• [ASSIGNMENT]: Return all the lines below exactly as written. Drop every picture.

** INPUT follows **

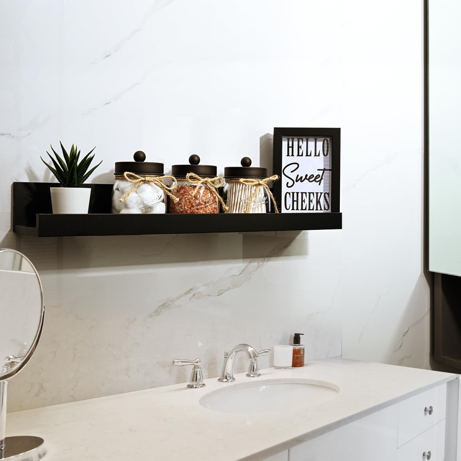 - Qtip Holders Bathroom Set: These apothecary jars with lids provide an elegant and functional solution for organizing a variety of bathroom essentials, including q-tips, cotton balls, cotton swabs, cotton pads, dental floss picks, tampons, bath salts, hair ties, beauty tools, and other small household items. Their practical, versatile, and affordable design makes them an ideal choice for enhancing any bathroom organization system.
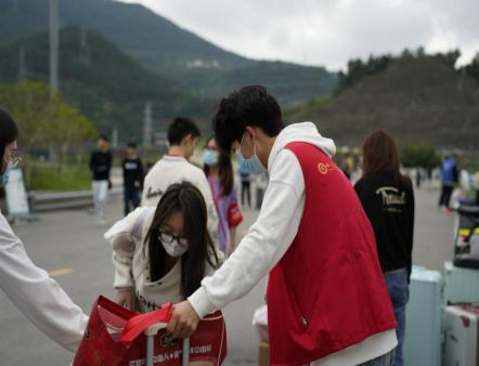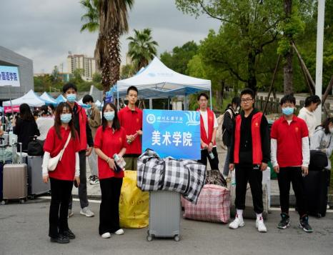 迎新接待工作如火如荼。在校门口,志愿者们接到刚入校的新生,并主动帮忙拎行李,引导新生逐一核实防疫行程卡、检测体温、行李消毒、核酸检测、前往学院报到处,切实落实好学校疫情防控的各项要求。
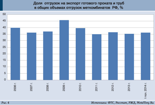 Как мы уже указали выше, рост производства стального проката (включая полуфабрикаты) за первое полугодие составил в РФ около 1,3% в сравнении с аналогичным периодом прошлого года. При этом, по данным ФТС, экспорт черных металлов из страны за этот период увеличился на 6,6%, до объемов 19,56 млн т, а по стоимости – на 2,2%, до $10,3 млрд. Подъем этот не слишком значителен, поскольку фактически речь идет о стабилизации доли экспортных отгрузок российской металлургии на уровне около 35% (рис. 4).
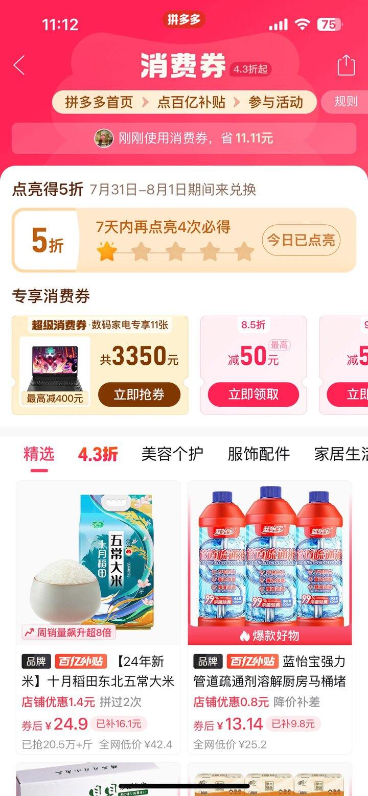 app首页-百亿补帖-消费卷- 点亮(可能限号显示)
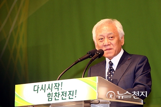 [천지일보=명승일 기자] 4일 오후 열린 민주당 5.4 전당대회에서 당 대표로 당선된 김한길 의원이 당선 소감을 밝히고 있다. 김 의원은 이날 열린 경선에서 61.72%의 득표율로 이용섭 후보를 누르고 당선됐다.
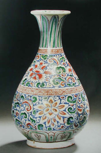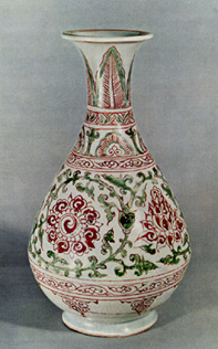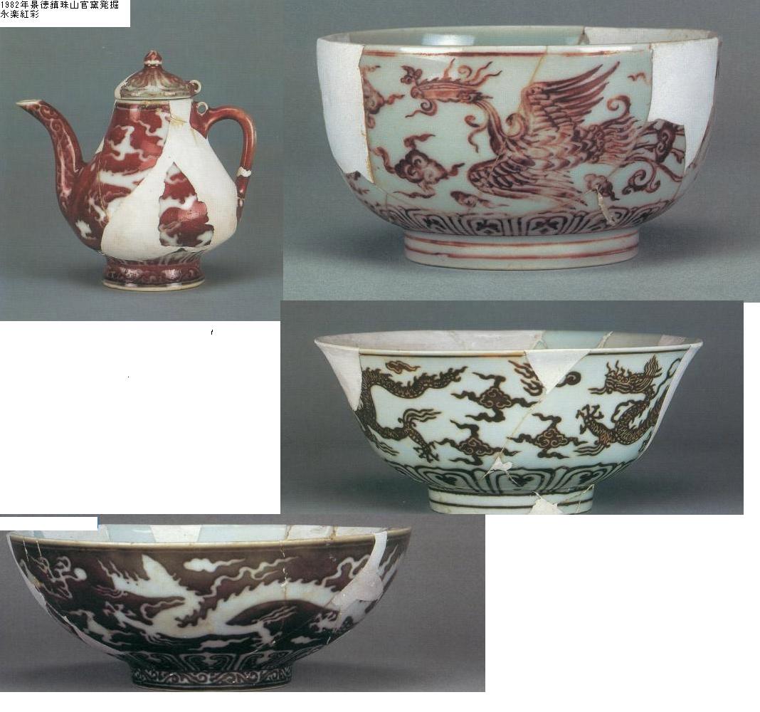 最新の研究では元の時代から写しが始まったと言う。![]() (明空白期) ![]() (明中期)明中期以降は紅緑彩と呼ばず、明末清初の地方窯の呉須赤絵など含めて、色絵へご参照。 |
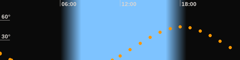Höchster Stand (Kulmination)18:09 Uhr (h = 49.8°)
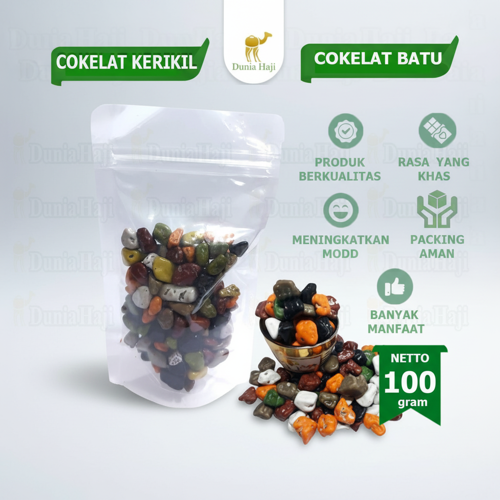 Nikmati sensasi cokelat istimewa khas Timur Tengah dengan Cokelat Arab Kerikil Turki (Chocolate Stones) dari Dunia Haji.
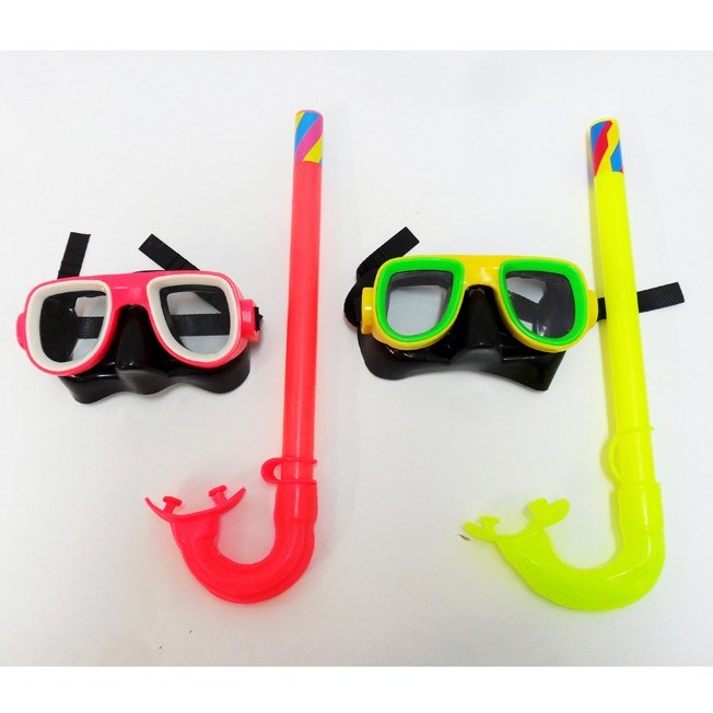 Набор для подводного плавания стоит из маски и трубки. Этот красивый атрибут для детей на пляже позволит отлично увидеть под водой красивые рельефы дна моря. Безопасные поликарбонатные линзы имеют специальное покрытие, предотвращающее запотевание. Ободок линз и прочные ремешки изготовлены из мягкого латекса, обеспечивающие плотное прилегание маски. Трубка имеет мягкий эластичный загубник и защитный наконечник от попадания воды.
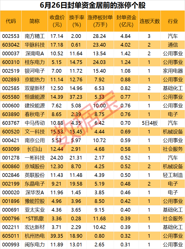 以封单金额计算,5股封单金额超亿元,其中南方精工、华脉科技、深南电A封单金额居前,分别为4.84亿元、4.02亿元、1.42亿元。
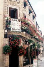 eine alte, blumengeschmückte Weinpresse.Im Dorf selbst herrschte zur Zeit unseres Besuches rege Renovierungsarbeit, die Straßen des Zentrums waren zur Häfte aufgerissen. Trotzdem empfanden wir Gevrey als ruhigen, aber trotzdem lebhaften Ort, mit seinen bald 3000 Einwohnern schon ein kleines Zentrum, kein Wunder, zwischen Dijon und Nuits-St-Georges findet man sonst kaum mal ein Geschäft zum Einkaufen. Es ist auch ein hübscher Ort, ein wenig touristisch, aber nicht störend, und an jeder Ecke wird man zur Weinprobe aufgefordert, was sich stellenweise auch sehr lohnen kann, informieren lohnt sich aber auch hier,  speziell
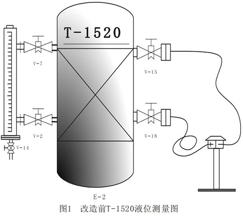 原T-1520液位測量為下圖1所示,左側(cè)為液化石油氣液位計(jì),右側(cè)為雙法蘭磁性浮子液位計(jì)。
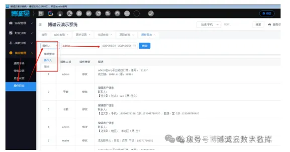 在使用中,如果想查询某个账号在SCRM系统中的操作情况,那么我们可以点击软件的系统管理-操作日志,根据您设置的查询条件查询某个时间内的操作日志(如下图)
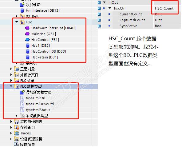 老师,关于HSC_Count这个数据类型是哪里来的哇、我在这个程序中没有找到HSC_Count的DB,在PLC数据类型里面也没有定义....
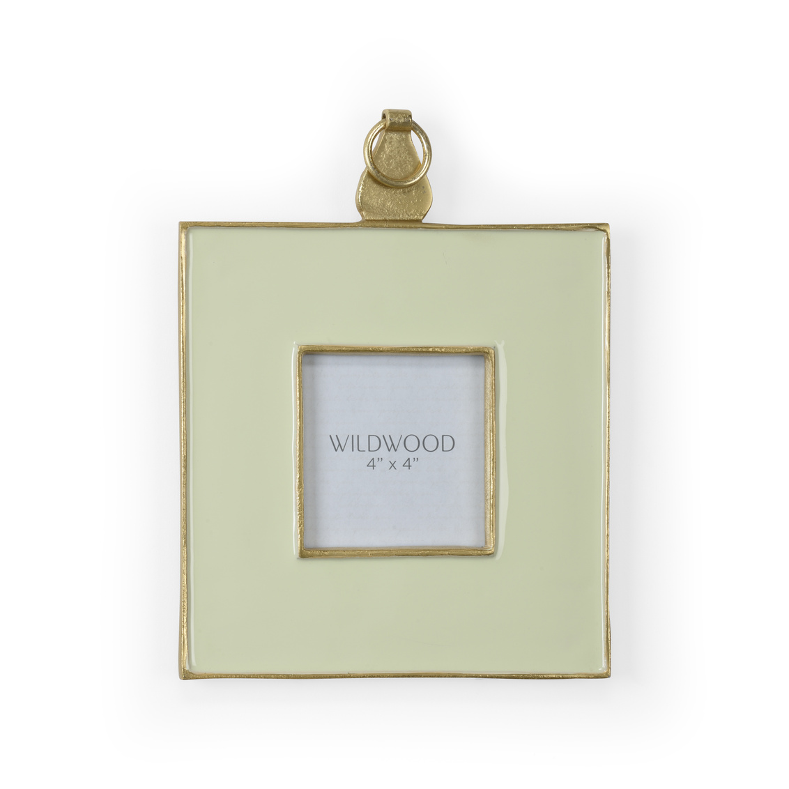 Pistachio enamel wall frame trimmed in textured gold, holds 4 x 4 photo.
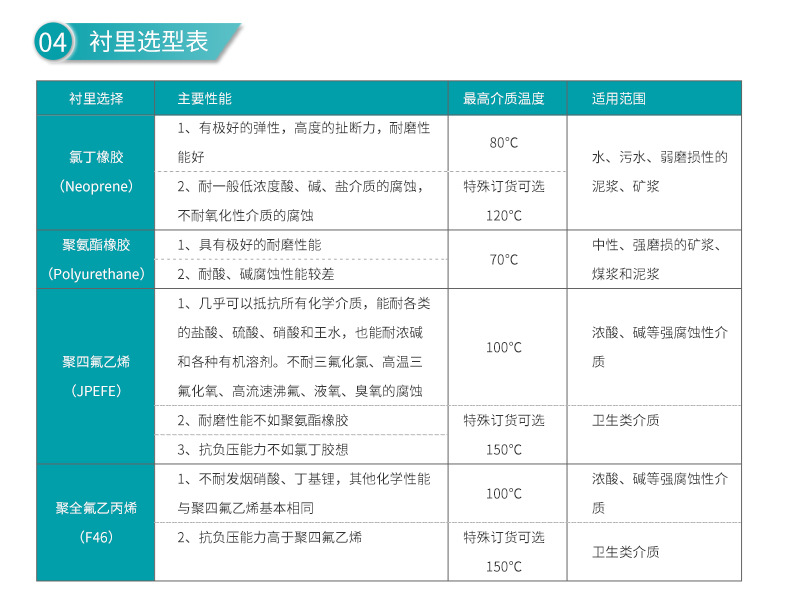 <60°C,中性、強磨損的礦漿,煤漿、泥漿。

** End of INPUT **

• [SOLVED EXERCISE]:
 - Qtip Holders Bathroom Set: These apothecary jars with lids provide an elegant and functional solution for organizing a variety of bathroom essentials, including q-tips, cotton balls, cotton swabs, cotton pads, dental floss picks, tampons, bath salts, hair ties, beauty tools, and other small household items. Their practical, versatile, and affordable design makes them an ideal choice for enhancing any bathroom organization system.
 迎新接待工作如火如荼。在校门口,志愿者们接到刚入校的新生,并主动帮忙拎行李,引导新生逐一核实防疫行程卡、检测体温、行李消毒、核酸检测、前往学院报到处,切实落实好学校疫情防控的各项要求。
 Как мы уже указали выше, рост производства стального проката (включая полуфабрикаты) за первое полугодие составил в РФ около 1,3% в сравнении с аналогичным периодом прошлого года. При этом, по данным ФТС, экспорт черных металлов из страны за этот период увеличился на 6,6%, до объемов 19,56 млн т, а по стоимости – на 2,2%, до $10,3 млрд. Подъем этот не слишком значителен, поскольку фактически речь идет о стабилизации доли экспортных отгрузок российской металлургии на уровне около 35% (рис. 4).
 app首页-百亿补帖-消费卷- 点亮(可能限号显示)
 [천지일보=명승일 기자] 4일 오후 열린 민주당 5.4 전당대회에서 당 대표로 당선된 김한길 의원이 당선 소감을 밝히고 있다. 김 의원은 이날 열린 경선에서 61.72%의 득표율로 이용섭 후보를 누르고 당선됐다.
 最新の研究では元の時代から写しが始まったと言う。![]() (明空白期) ![]() (明中期)明中期以降は紅緑彩と呼ばず、明末清初の地方窯の呉須赤絵など含めて、色絵へご参照。 |
Höchster Stand (Kulmination)18:09 Uhr (h = 49.8°)
 Nikmati sensasi cokelat istimewa khas Timur Tengah dengan Cokelat Arab Kerikil Turki (Chocolate Stones) dari Dunia Haji.
 Набор для подводного плавания стоит из маски и трубки. Этот красивый атрибут для детей на пляже позволит отлично увидеть под водой красивые рельефы дна моря. Безопасные поликарбонатные линзы имеют специальное покрытие, предотвращающее запотевание. Ободок линз и прочные ремешки изготовлены из мягкого латекса, обеспечивающие плотное прилегание маски. Трубка имеет мягкий эластичный загубник и защитный наконечник от попадания воды.
 以封单金额计算,5股封单金额超亿元,其中南方精工、华脉科技、深南电A封单金额居前,分别为4.84亿元、4.02亿元、1.42亿元。
 eine alte, blumengeschmückte Weinpresse.Im Dorf selbst herrschte zur Zeit unseres Besuches rege Renovierungsarbeit, die Straßen des Zentrums waren zur Häfte aufgerissen. Trotzdem empfanden wir Gevrey als ruhigen, aber trotzdem lebhaften Ort, mit seinen bald 3000 Einwohnern schon ein kleines Zentrum, kein Wunder, zwischen Dijon und Nuits-St-Georges findet man sonst kaum mal ein Geschäft zum Einkaufen. Es ist auch ein hübscher Ort, ein wenig touristisch, aber nicht störend, und an jeder Ecke wird man zur Weinprobe aufgefordert, was sich stellenweise auch sehr lohnen kann, informieren lohnt sich aber auch hier,  speziell
 原T-1520液位測量為下圖1所示,左側(cè)為液化石油氣液位計(jì),右側(cè)為雙法蘭磁性浮子液位計(jì)。
 在使用中,如果想查询某个账号在SCRM系统中的操作情况,那么我们可以点击软件的系统管理-操作日志,根据您设置的查询条件查询某个时间内的操作日志(如下图)
 老师,关于HSC_Count这个数据类型是哪里来的哇、我在这个程序中没有找到HSC_Count的DB,在PLC数据类型里面也没有定义....
 Pistachio enamel wall frame trimmed in textured gold, holds 4 x 4 photo.
 <60°C,中性、強磨損的礦漿,煤漿、泥漿。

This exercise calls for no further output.